Data retention: telcos and ISPs could be required to retain traffic and billing data for fixed periods for national security and law enforcement purposes under national legislation, but only where such measures are "necessary, appropriate and proportionate" and consistent with Community legislation, including human rights law.

The key issues in more detail
The new Directive is designed to give a technology-neutral face-lift to the existing telecoms data protection regime. Although it was not intended to create major changes of substance, many aspects of the wide-ranging proposal have proved controversial.

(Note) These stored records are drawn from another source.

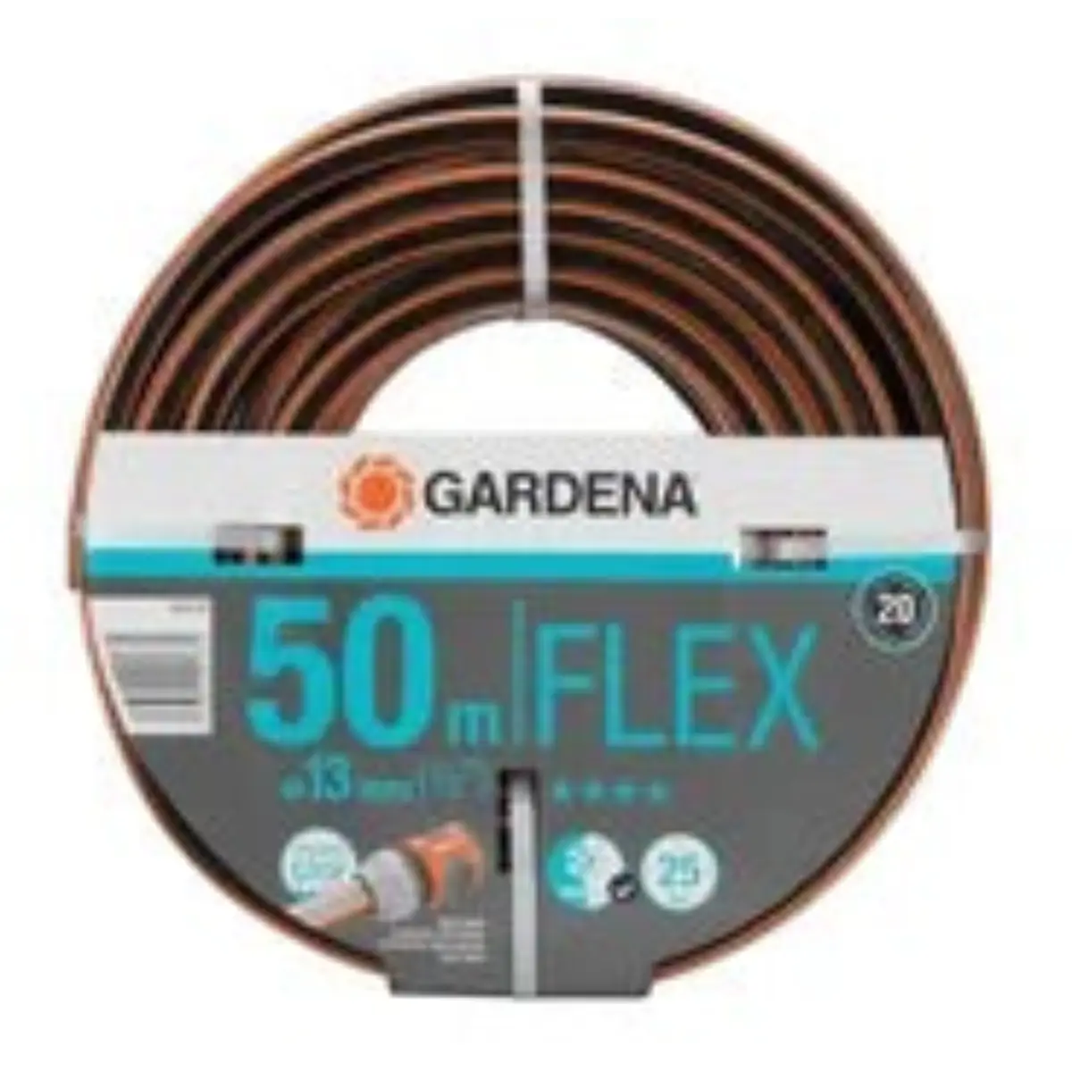 The GARDENA Comfort FLEX Hose 13 mm (1/2") is 50 m long with a diameter of 13 mm (1/2"). Use it in the garden to irrigate your plants reliably or to carry out cleaning work. The hose is dimensionally stable and flexible, and its high-quality hose structure makes twisting or knotting almost impossible. The Power Grip profile ensures a stable connection and optimum hold between the hose and the hose connector or water stop. As the hose is UV and frost resistant, it can remain outdoors all year round. Thanks to its high wall thickness, the water hose has a long service life and is suitable for burst pressures of up to 25 bar. It is pollutant-free and therefore free of phthalates (<0.1%) as well as cadmium, lead and barium (<0.1%). Add to the elastic garden hose as required with other system parts or connection devices from the Original GARDENA System. GARDENA offers a 20-year manufacturer's warranty on the Comfort FLEX Hose, which is manufactured in Europe.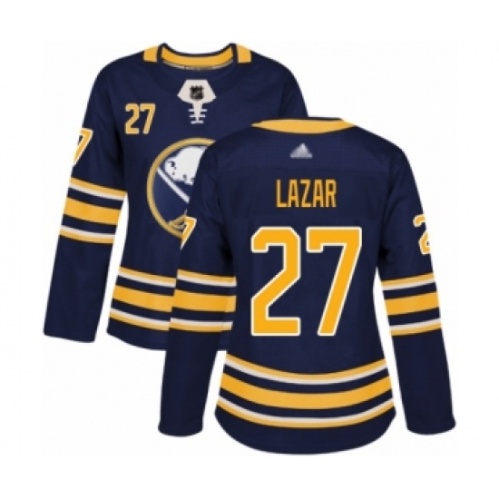 >Women's Buffalo Sabres #27 Curtis Lazar Authentic Navy Blue Home Hockey Jersey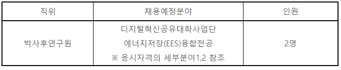 | 박사후연구원 | 디지털혁신공유대학사업단 에너지저장(EES)융합전공 ※ 응시자격의 세부분야1,2 참조 |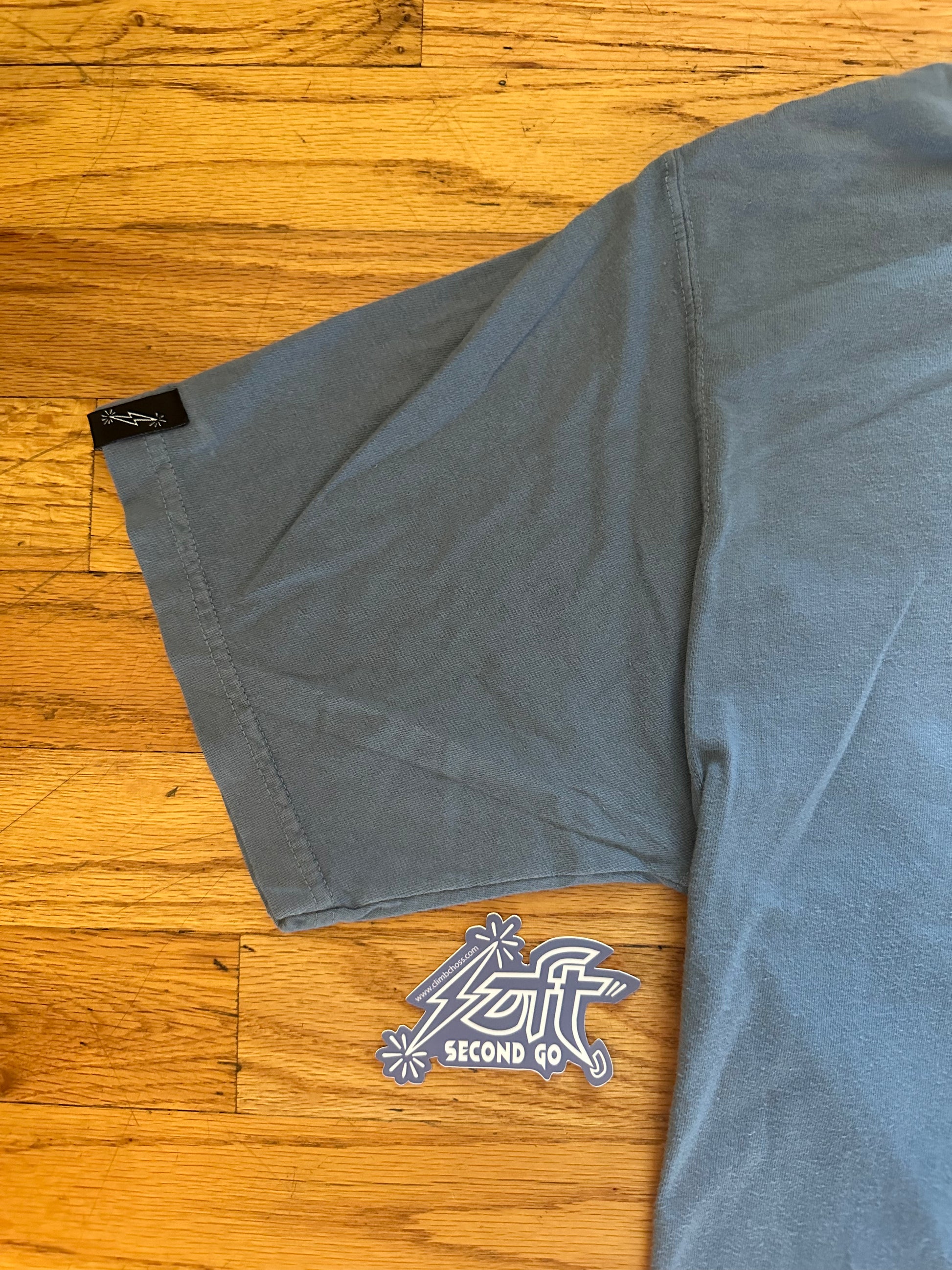 100% U.S. grown cotton tee with the "Soft, Second Go" design screen printed in white on the front center chest and now with the new Choss lightning bolt hem tag.

Cookies: in its controversial vote last November, the European Parliament had originally voted to make the use of cookies subject to users' prior consent. One suggestion was that, effectively, this would have meant site users being greeted with pop up boxes as a means to give the requisite consent or be given the requisite information "in advance" (the approach favoured by the European Council) every time they clicked on a site. The compromise now reached by the different EU institutions, though far from ideal from a business perspective, represents a less disruptive and more commercially workable solution. The use of cookies is permitted, provided users are provided with "clear and comprehensive" information, inter alia, about the purposes of the processing, and are given the right to refuse such processing. Arguably, this merely confirms the existing UK legal position under the Data Protection Act 1998 which already requires data controllers to inform people about the purposes for which their details are to be processed, unless this is obvious from the context.